United States: Trump Era Tax Reform: Implications For Private Equity

Although decades have passed since the U.S. tax system's last overhaul, the combination of a Republican-controlled Congress and Donald Trump's victory in the presidential election suggests that comprehensive tax reform is on the horizon. Such reform could have substantial effects on the private equity industry. When asked during a presidential debate to identify specific tax provisions he would change during his term, President Trump replied that he would end the current capital gains tax treatment of carried interest1, a move that could result in changes to how fund managers structure their fees.

In addition to President Trump's stance on carried interest, he and Republican lawmakers alike have plans to reduce the corporate income tax rate. The elimination of carried interest's preferential tax treatment, along with the lowering of corporate income tax rates, could reduce the disparity between the income tax treatment of limited partnerships and corporations.

Carried Interest

As a general matter, much of the income of private equity funds is related to the sale of securities held for investment, which generally is characterized as long-term capital gain. To capture the benefit of the preferential rate on capital gains, the general partner usually receives its economic benefit in the form of a carried interest—typically a fixed percentage share of the partnership's profits above a certain threshold. To ensure that the capital gains treatment passes through to the fund's other service providers, the general partner, commonly structured as a limited liability company, then issues interests in the company to such other service providers.

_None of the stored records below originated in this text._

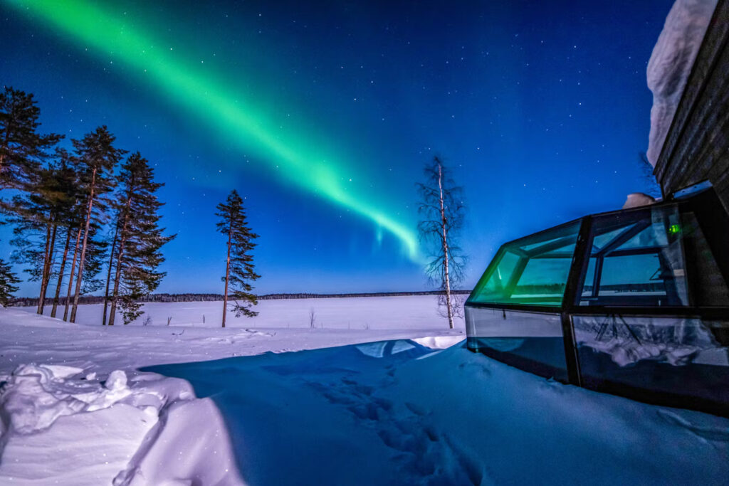 - Optional upgrades: Snowmobile rides, Ice fishing, Aurora Igloo stays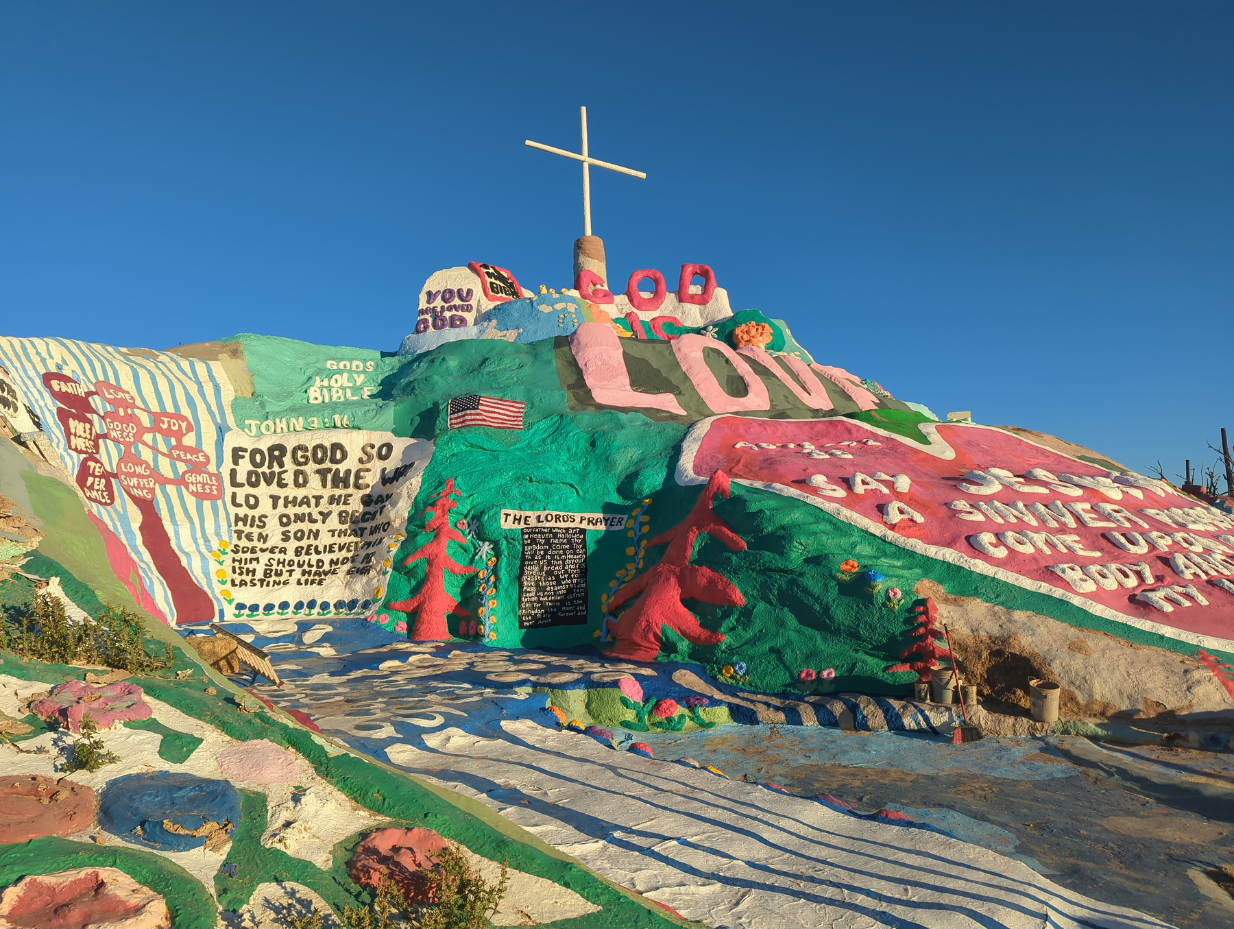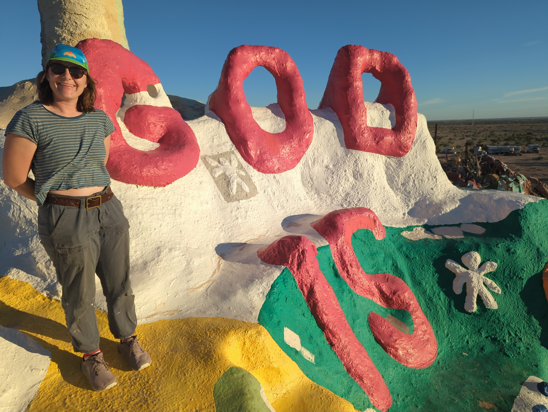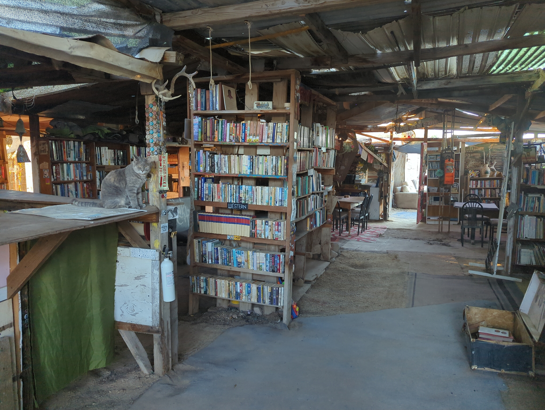 We stopped at the iconic Salvation Mountain – a towering, colorful hill of clay and paint – before driving deeper into the Slabs. Past post-apocalyptic sculptures, we found the community library. There we met Jeff, the librarian, and a friendly resident cat. In the spirit of their take-a-book, leave-a-book system, I swapped an almanac of the California deserts for a fan-fiction book about David Lynch’s old show Twin Peaks.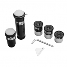 Посадочный диаметр окуляров составляет 0.96 дюйма, они устанавливаются через переходник в посадочное места на фокусере диаметром 1,25 дюйма, что позволит расширить набор окуляров и установить более профессиональную оптику. Телескоп устанавливается на алюминиевую треногу, состоящую из двух секций. Комплект поставляется в красивой полиграфической коробке.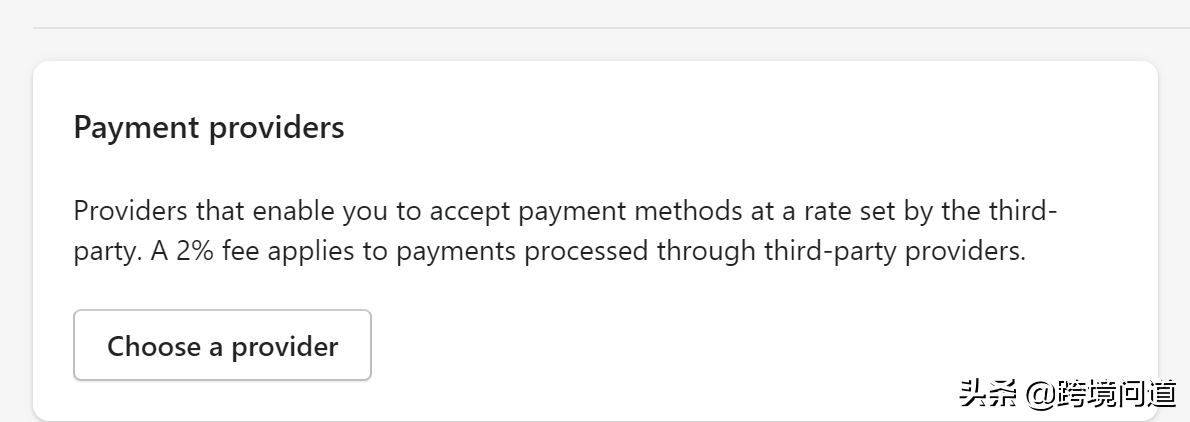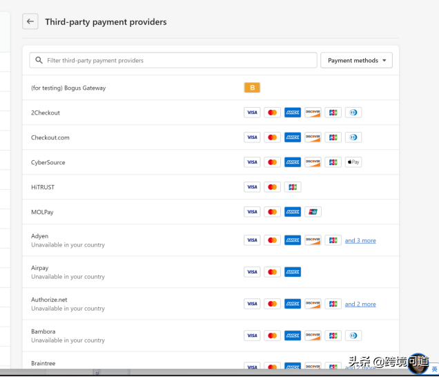 也就是第三方收款渠道,点击进去,如下图列表里面的服务商也是根据你的Shopify网站后台General的Store Address的不同而不同的。比方说,当我们网站的地址为大陆地址的时候,你在第三方信用卡收款通道可以看到Stripe是可以使用的,但是当你把网站地址改为美国地址之后,因为后台有了Shopify Payment的选项,所以在Third-Party Providers里面就无法找到Stripe的选项了。因为Shopify Payment其实就是Stripe,只不过是Shopify将Stripe集成到了自己的系统里面,起了一个新的名字。

In recent years, lawmakers have introduced various proposals that, if adopted, would tax all or a portion of the service element of carried interest as ordinary income.2 These proposals vary in their approaches. For example, the Carried Interest Fairness Act of 2015, introduced by Rep. Sander Levin (D-MI), sought to recharacterize income allocable to an "investment services partnership interest" as ordinary income.3 Taking a different approach, the Tax Reform Act of 2014, introduced by former chairman of the House Ways and Means Committee Rep. Dave Camp (R-MI), sought to reduce the top income tax rate from 39.6 percent to 25 percent, and add a 10 percentage point surcharge for carried interest.4

Predicting how President Trump may go about changing the treatment of carried interest is no easy task. Despite President Trump's reported stance on the issue, the House Republicans' current tax reform plan contemplates no such change.5 Some have suggested that the administration could act without involving Congress to change the tax treatment of carried interest.6 The legality of any such action is outside the scope of this article.

Corporate Tax Rate

The prospects of lowering of the corporate tax rate seem clearer, as Republican lawmakers and President Trump share that general goal, albeit with different target rates in mind. In a recent meeting with senior executives of some of the nation's largest companies, the President communicated his desire to reduce the corporate income tax rate from 35 percent to anywhere from 15 to 10 percent.7 The House Republicans' tax reform plan seeks a 20 percent corporate income tax rate.8 These proposed reductions in corporation income tax rate coupled with President Trump's reported stance on carried interest make the adoption of tax reform measures that narrow the tax efficiency gap between limited partnerships and corporations a possibility.


When it comes to the specific effects of the Trump administration on the private equity industry, speculation abounds. Although President Trump has expressed his desire to end the current capital gains tax treatment of carried interest, the House Republicans' current tax reform plan does not address the subject. In addition, President Trump and House Republicans currently disagree on the amount of the decrease in the corporate tax rate. Despite this lack of certainty, the possibility for tax policy to go in a significantly different direction is a real one, and we will continue to examine the implications.


1. Dan Primack, Presidential Debate: What is Carried Interest, Fortune (Oct. 10, 2016), http://fortune.com/2016/10/10/presidential-debate-what-is-carried-interest/.

2. Andrew W. Needham, Tax Management Portfolios, U.S. Income, Private Equity Funds A-30 (275-3rd 2015).

3. H.R. 2889, 114th Cong. (2015).

4. William Alden, House Proposal Would Raise Taxes on Private Equity Income, Dealb%k, New York Times (February 6, 2014), https://dealbook.nytimes.com/2014/02/26/house-proposal-would-raise-taxes-on-private-equity-income/.

5. Lynnley Browning, Carried Interest, Quicktake, Bloomberg (January 18, 2017), https://www.bloomberg.com/quicktake/carried-interest.

6. Sahil Kapur, Here's How Trump Could Try to Kill Carried-Interest Tax Break, Quicktake, Bloomberg (January 17, 2017), https://www.bloomberg.com/politics/articles/2017-01-17/here-s-how-trump-could-try-to-kill-carried-interest-tax-break.

7. Bourree Lam, Trump's Promises to Corporation Leaders: Lower Taxes and Fewer Regulations, The Atlantic (Jan. 23, 2017), https://www.theatlantic.com/business/archive/2017/01/trump-corporate-tax-cut/514148/.

8. H. Committee on Ways and Means Republicans, A Better Way: Our Vision for a Confident America (2016), https://waysandmeans.house.gov/taxreform/.

The content of this article is intended to provide a general guide to the subject matter. Specialist advice should be sought about your specific circumstances.